I am a post-doctoral researcher in the Siena Artificial Intelligence Laboratory SAILab, tutored by Prof. Stefano Melacci. I obtained my PhD at the University of Siena, Italy, defending a thesis entitled “Local Propagation in Neural Network Learning by Architectural Constraints”.
I am generally interested in Artificial Intelligence and other connected areas of computer science. My recent contributes are related to both the application of Deep Learning models to computer vision and video analysis, and fundational studies regarding novel learning algorithms and neural models. I am particularly interested in the emerging field of non-euclidean Deep Learning, in particular in Graph Neural Networks.
[April 2021] “Deep Constraint-based Propagation in Graph Neural Networks” has been published in IEEE Transactions on Pattern Analysis and Machine Intelligence (TPAMI)!
[March 2021] I have successfully defended my PhD thesis entitled “Local Propagation in Neural Network Learning by Architectural Constraints”! Have a look at the blog post!
[December 2020] Have a look at the slides of the talk “An overview of Graph Neural Networks up to Lagrangian Propagation GNNs” that I gave at the Maasai institute!
[September 2020] My paper “Focus of Attention Improves Information Transfer in Visual Features” has been accepted at NeurIPS 2020 Conference! Have a look at the technical report here!
[January 2020] “A Lagrangian Approach to Information Propagation in Graph Neural Networks” accepted at ECAI 2020!
I am currently involved in several projects at SAILab
Lagrangian Propagation Graph Neural Networks
We propose a novel approach to the state computation and the learning algorithm for GNNs, based on a constraint optimisation task solved in the Lagrangian framework. The state convergence procedure is implicitly expressed by the constraint satisfaction mechanism and does not require a separate iterative phase for each epoch of the learning procedure. In fact, the computational structure is based on the search for saddle points of the Lagrangian in the adjoint space composed of weights, neural outputs (node states), and Lagrange multipliers. The proposed approach is compared experimentally with other popular models for processing graphs. You can find more on the publication section.
The Graph Neural Network Framework
You can find more on the software section.
Our research group introduced the Graph Neural Network (GNN), a connectionist model particularly suited for problems whose domain can be represented by a set of patterns and relationships between them.
In those problems, a prediction about a given pattern can be carried out exploiting all the related information, which includes the pattern features, the pattern relationships and, in general, the whole graph that represents the domain. GNN peculiarity consists in its capability of computing the output prediction processing directly the input domain graph, without any preprocessing into a vectorial representation. GNNs have been proved to be a universal approximator for a class of functions on graphs and have been applied to several tasks, including spam detection, object localization in images, molecule classification.

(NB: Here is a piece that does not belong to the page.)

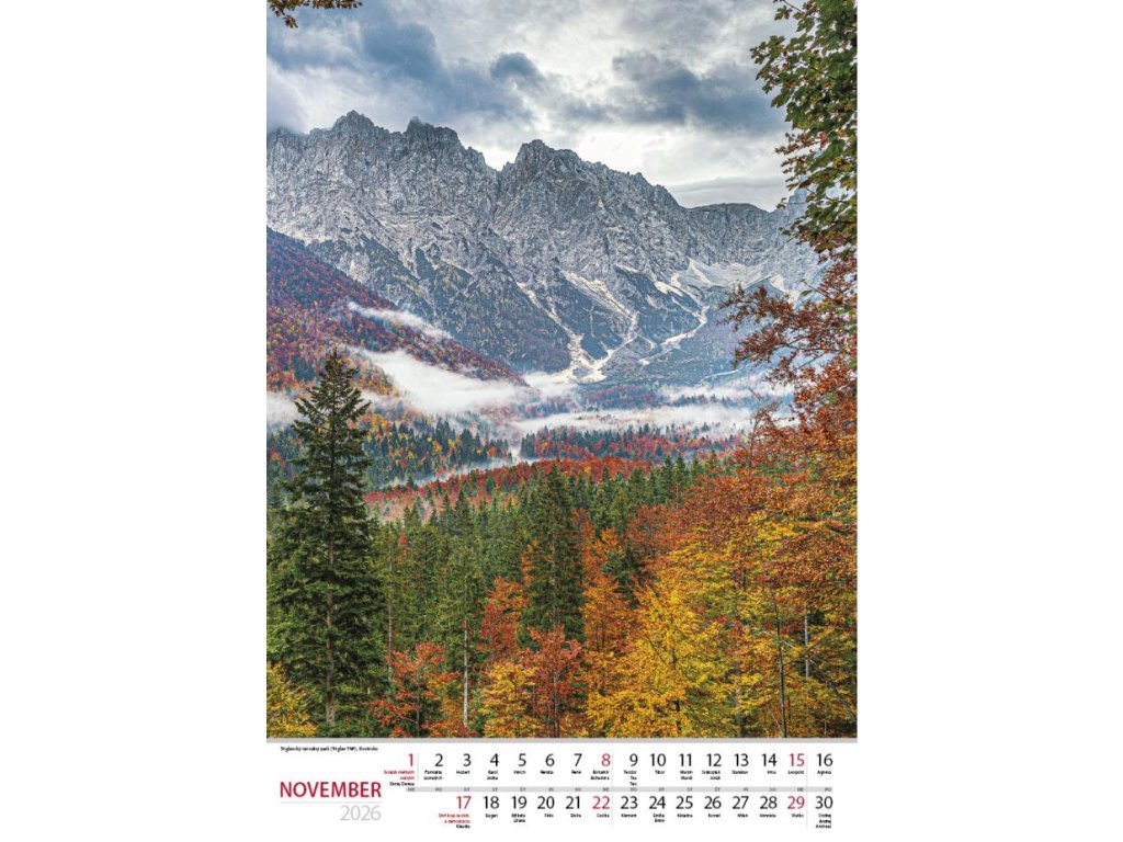 Kalendár Krásy hôr vás každý mesiac zavedie do dychberúcich scenérií horského sveta - od zasnežených štítov a zelených alpských lúk až po tajomné ranné hmly a zlaté západy slnka. Tieto pôsobivé fotografie zachytávajú majestátnosť prírody a prinášajú do vašich dní pokoj, inšpiráciu a úctu k divočine. Ideálny pre milovníkov turistiky, fotografie a ticha hôr.

SAILenv is a Virtual Environment powered by Unity3D. It includes 3 pre-built scenes with full pixel-wise annotations. SAILenv is capable of generating frames at real-time speed, complete with pixel-wise annotations, optical flow and depth.
SAILenv also comes with a Python API, designed to easily integrate with the most common learning frameworks available.
Learning in Visual Environments
This project aim at developing intelligent agents with visual skills that operate in a given environment. A continuous stream of data (video signal) is presented to the agent and the agent is expected to learn from the processed information, progressively developing his skills in making predictions over the “pixels” of the observed data stream. While nowadays Computer Vision systems are usually built “offline”, using large-scale and fully-supervised datasets, in this project we consider the most natural setting in which the agent, while “living” in the observed environment, receives a few information (supervisions) from the user, and it also has the capability of asking for supervisions, when needed. The principle of Least Cognitive Action, that parallels the laws of mechanics, is exploited to devise the life-long online learning laws that drive the behaviour of the agent. Motion invariance allows the agent to develop robust features, that is further extended with the idea of invariance to some categories of eye movements, where the notion of focus of attention is introduced to reduce the information overflow that is typical of commonly observed scenes. Human language is processed to create a dialogue-based interaction with the agent.
I received my B.S in Computer and Information Engineering at Siena, with a thesis titled Automatic Extraction of relevant information from Web Pages, using XPath. In 2017 I completed my M.S. in Computer and Automation Engineering at Siena, summa cum laude. My thesis was titled Traffic event monitoring using Recurrent Neural Networks.
:: 1st place Hackathon Soccer Data Challenge. Predicting football players modern roles and analysis of teams’s best schemes using machine learning techniques.